SOURCE INFORMATION:
▽

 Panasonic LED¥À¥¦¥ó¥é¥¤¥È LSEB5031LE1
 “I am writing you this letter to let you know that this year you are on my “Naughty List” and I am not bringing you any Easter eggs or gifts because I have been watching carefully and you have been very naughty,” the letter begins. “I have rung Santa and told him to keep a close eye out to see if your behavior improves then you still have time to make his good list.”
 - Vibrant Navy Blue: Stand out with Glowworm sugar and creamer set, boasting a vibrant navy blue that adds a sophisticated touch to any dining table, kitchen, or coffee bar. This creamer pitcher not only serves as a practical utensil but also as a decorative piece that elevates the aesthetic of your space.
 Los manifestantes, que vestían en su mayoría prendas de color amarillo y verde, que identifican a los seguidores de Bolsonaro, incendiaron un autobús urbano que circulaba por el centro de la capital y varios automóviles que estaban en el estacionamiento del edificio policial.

△
▽

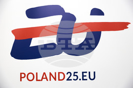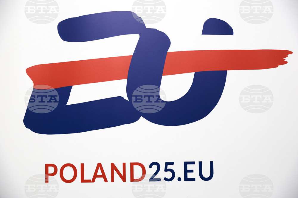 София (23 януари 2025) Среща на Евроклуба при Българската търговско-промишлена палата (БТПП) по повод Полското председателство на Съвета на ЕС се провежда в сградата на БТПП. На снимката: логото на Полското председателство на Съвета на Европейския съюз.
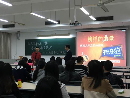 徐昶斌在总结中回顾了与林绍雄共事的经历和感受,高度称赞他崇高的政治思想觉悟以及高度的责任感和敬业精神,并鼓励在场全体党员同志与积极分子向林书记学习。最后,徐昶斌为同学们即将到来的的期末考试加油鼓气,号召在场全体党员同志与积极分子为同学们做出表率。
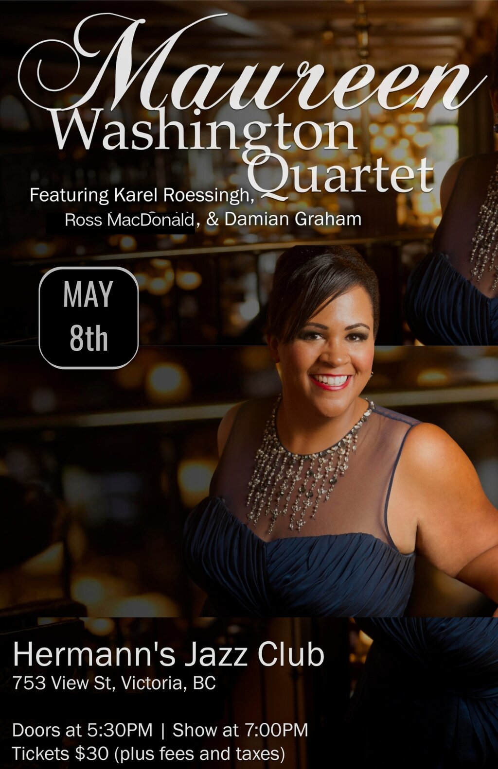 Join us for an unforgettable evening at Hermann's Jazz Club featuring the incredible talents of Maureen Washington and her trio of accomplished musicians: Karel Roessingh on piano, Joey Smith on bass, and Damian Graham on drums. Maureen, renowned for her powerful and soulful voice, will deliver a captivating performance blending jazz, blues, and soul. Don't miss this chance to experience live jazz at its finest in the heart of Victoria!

△
▽

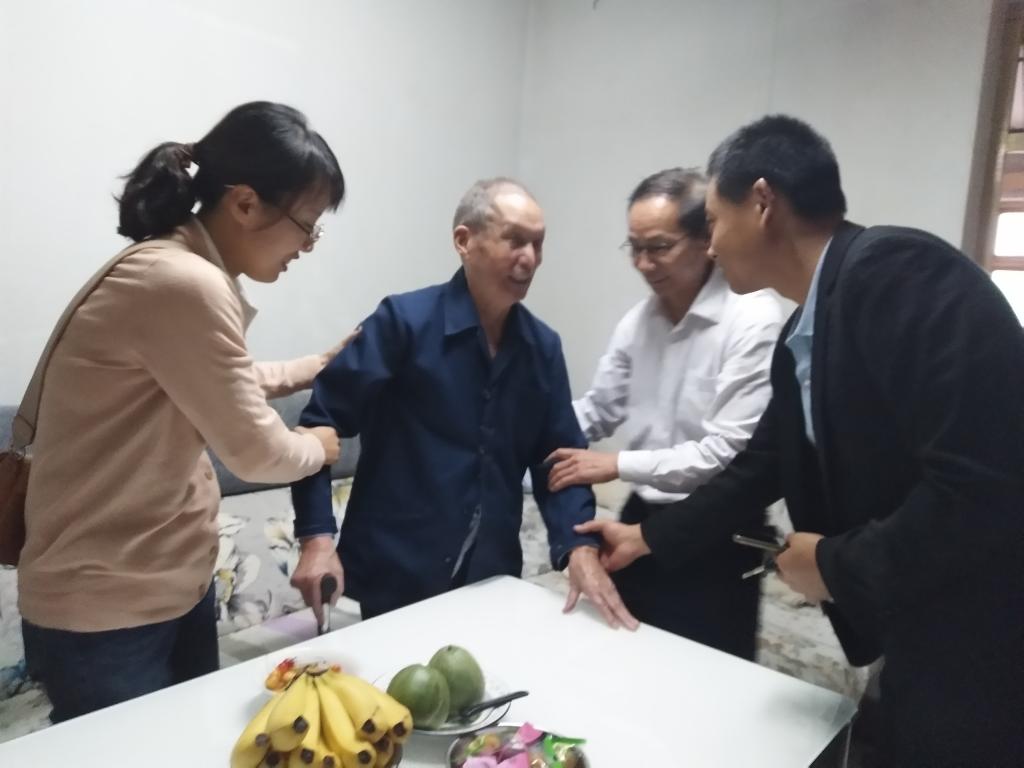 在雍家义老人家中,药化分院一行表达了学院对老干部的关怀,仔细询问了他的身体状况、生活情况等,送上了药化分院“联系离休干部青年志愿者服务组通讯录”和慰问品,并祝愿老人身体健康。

△

AIM OF THE EXERCISE: Repeat, word for word, the lines above between the line holding "Panasonic LED¥À¥¦¥ó¥é¥¤¥È LSEB5031LE1" and the line holding "Los manifestantes, que", inclusive; omit everything else.

SOLUTION TO THE EXERCISE:
 Panasonic LED¥À¥¦¥ó¥é¥¤¥È LSEB5031LE1
 “I am writing you this letter to let you know that this year you are on my “Naughty List” and I am not bringing you any Easter eggs or gifts because I have been watching carefully and you have been very naughty,” the letter begins. “I have rung Santa and told him to keep a close eye out to see if your behavior improves then you still have time to make his good list.”
 - Vibrant Navy Blue: Stand out with Glowworm sugar and creamer set, boasting a vibrant navy blue that adds a sophisticated touch to any dining table, kitchen, or coffee bar. This creamer pitcher not only serves as a practical utensil but also as a decorative piece that elevates the aesthetic of your space.
 Los manifestantes, que vestían en su mayoría prendas de color amarillo y verde, que identifican a los seguidores de Bolsonaro, incendiaron un autobús urbano que circulaba por el centro de la capital y varios automóviles que estaban en el estacionamiento del edificio policial.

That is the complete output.